[Data supplied — start]
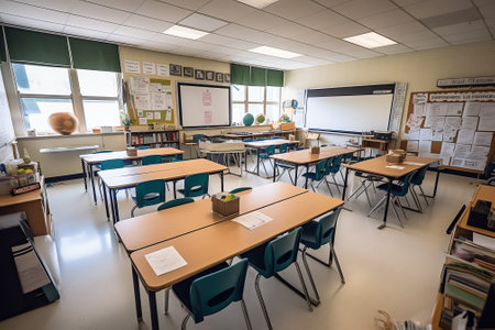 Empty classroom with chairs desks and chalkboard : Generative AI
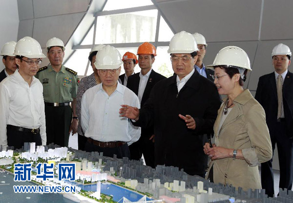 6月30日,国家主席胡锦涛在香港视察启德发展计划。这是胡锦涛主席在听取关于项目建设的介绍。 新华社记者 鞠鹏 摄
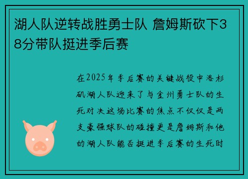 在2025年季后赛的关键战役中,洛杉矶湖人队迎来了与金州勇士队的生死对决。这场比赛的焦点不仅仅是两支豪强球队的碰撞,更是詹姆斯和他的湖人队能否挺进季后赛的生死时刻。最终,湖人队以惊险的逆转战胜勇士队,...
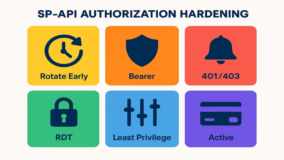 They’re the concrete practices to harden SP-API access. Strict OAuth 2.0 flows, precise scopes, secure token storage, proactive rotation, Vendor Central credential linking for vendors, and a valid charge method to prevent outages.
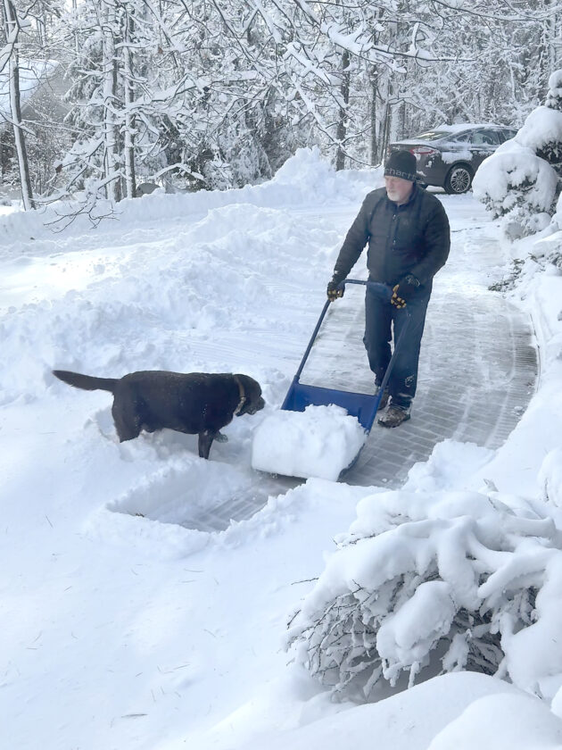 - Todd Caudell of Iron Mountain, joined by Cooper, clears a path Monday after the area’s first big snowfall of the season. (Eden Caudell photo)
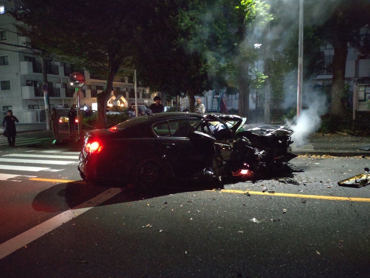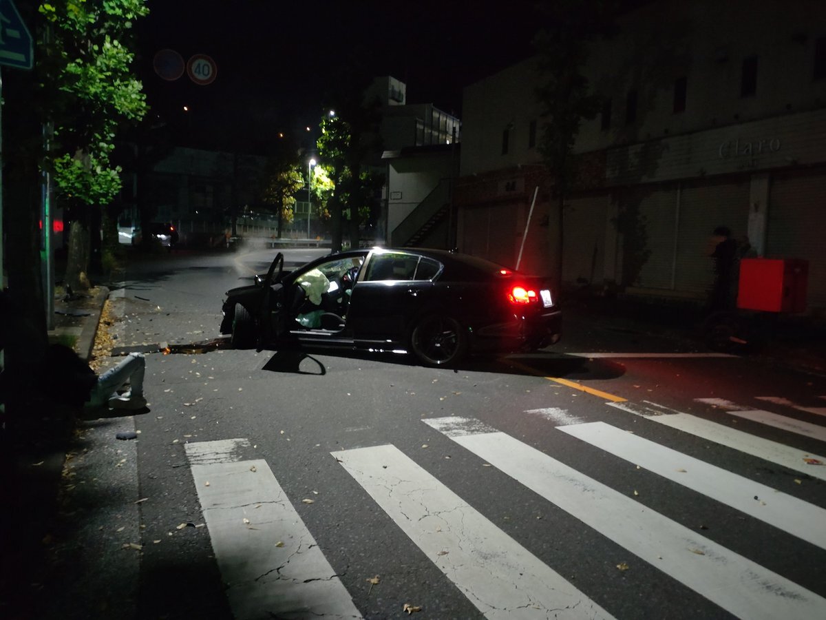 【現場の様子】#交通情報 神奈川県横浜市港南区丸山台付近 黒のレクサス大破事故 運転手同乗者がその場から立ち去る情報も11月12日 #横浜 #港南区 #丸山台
[Data supplied — finish]
[Data supplied — start]
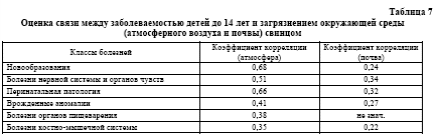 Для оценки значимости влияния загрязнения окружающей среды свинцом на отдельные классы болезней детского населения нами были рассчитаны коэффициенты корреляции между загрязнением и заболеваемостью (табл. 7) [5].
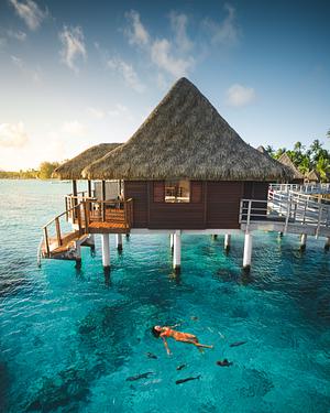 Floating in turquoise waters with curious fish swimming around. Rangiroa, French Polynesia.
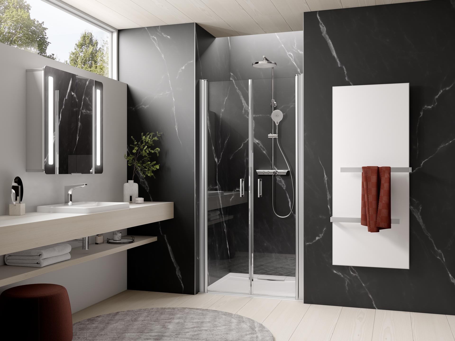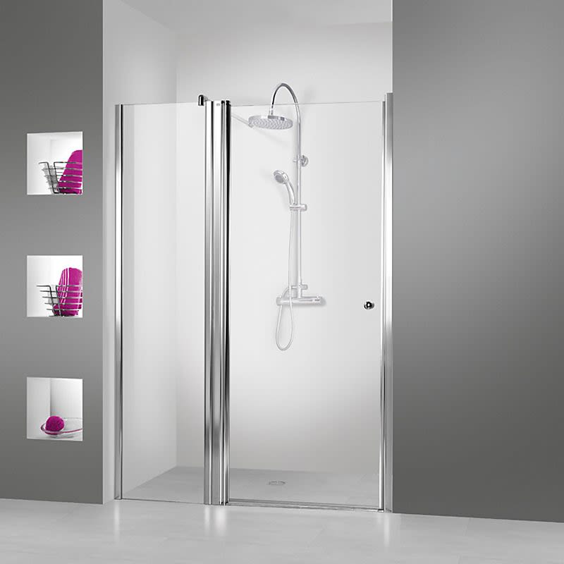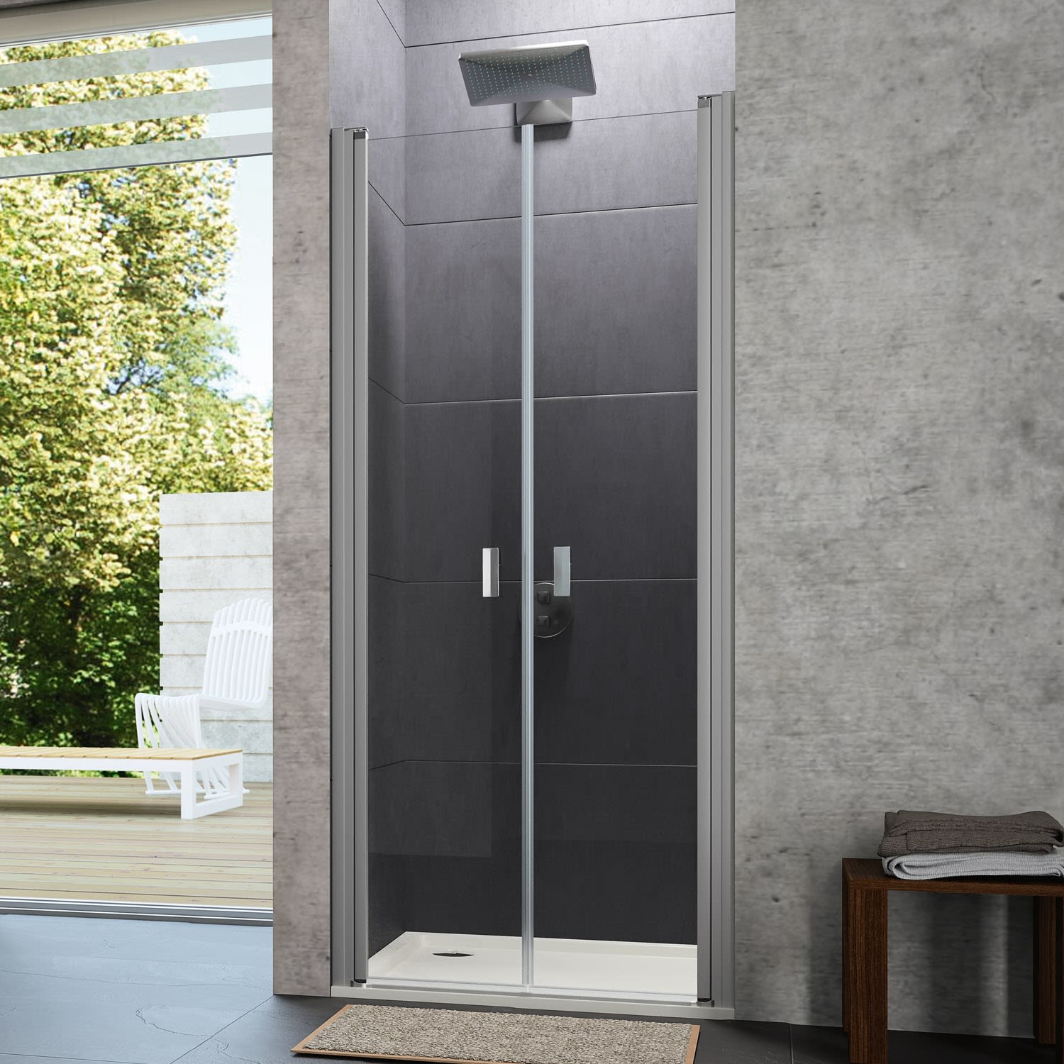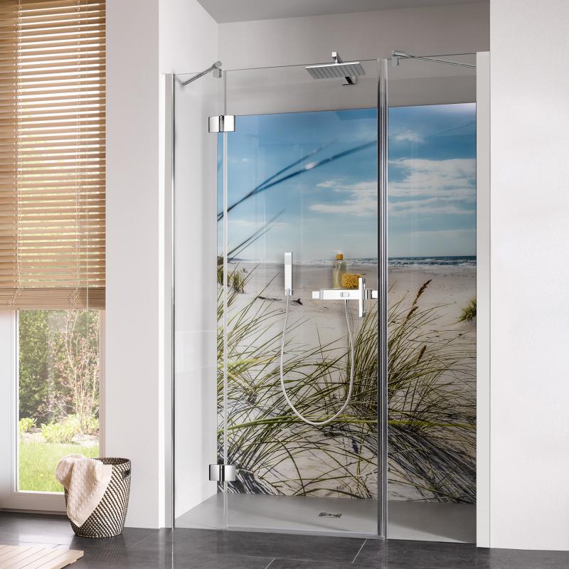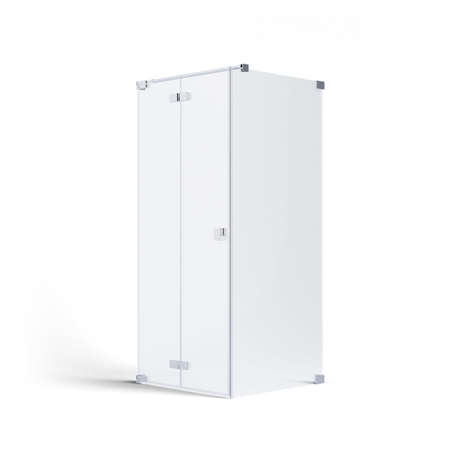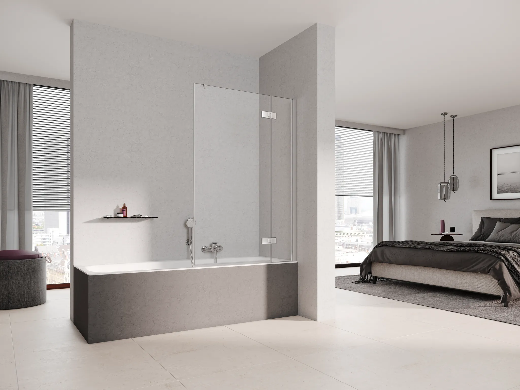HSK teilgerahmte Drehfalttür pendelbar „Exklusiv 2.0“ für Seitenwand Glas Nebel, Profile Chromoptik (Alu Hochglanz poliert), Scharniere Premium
[Data supplied — finish]
Exercise goal: Exact copy, no pictures. Write out the lines in the entries above, starting with the line with "Empty classroom with" and going on through the line with "在2025年季后赛的关键战役", keeping both.

Your solution:
 Empty classroom with chairs desks and chalkboard : Generative AI
 6月30日,国家主席胡锦涛在香港视察启德发展计划。这是胡锦涛主席在听取关于项目建设的介绍。 新华社记者 鞠鹏 摄
 在2025年季后赛的关键战役中,洛杉矶湖人队迎来了与金州勇士队的生死对决。这场比赛的焦点不仅仅是两支豪强球队的碰撞,更是詹姆斯和他的湖人队能否挺进季后赛的生死时刻。最终,湖人队以惊险的逆转战胜勇士队,...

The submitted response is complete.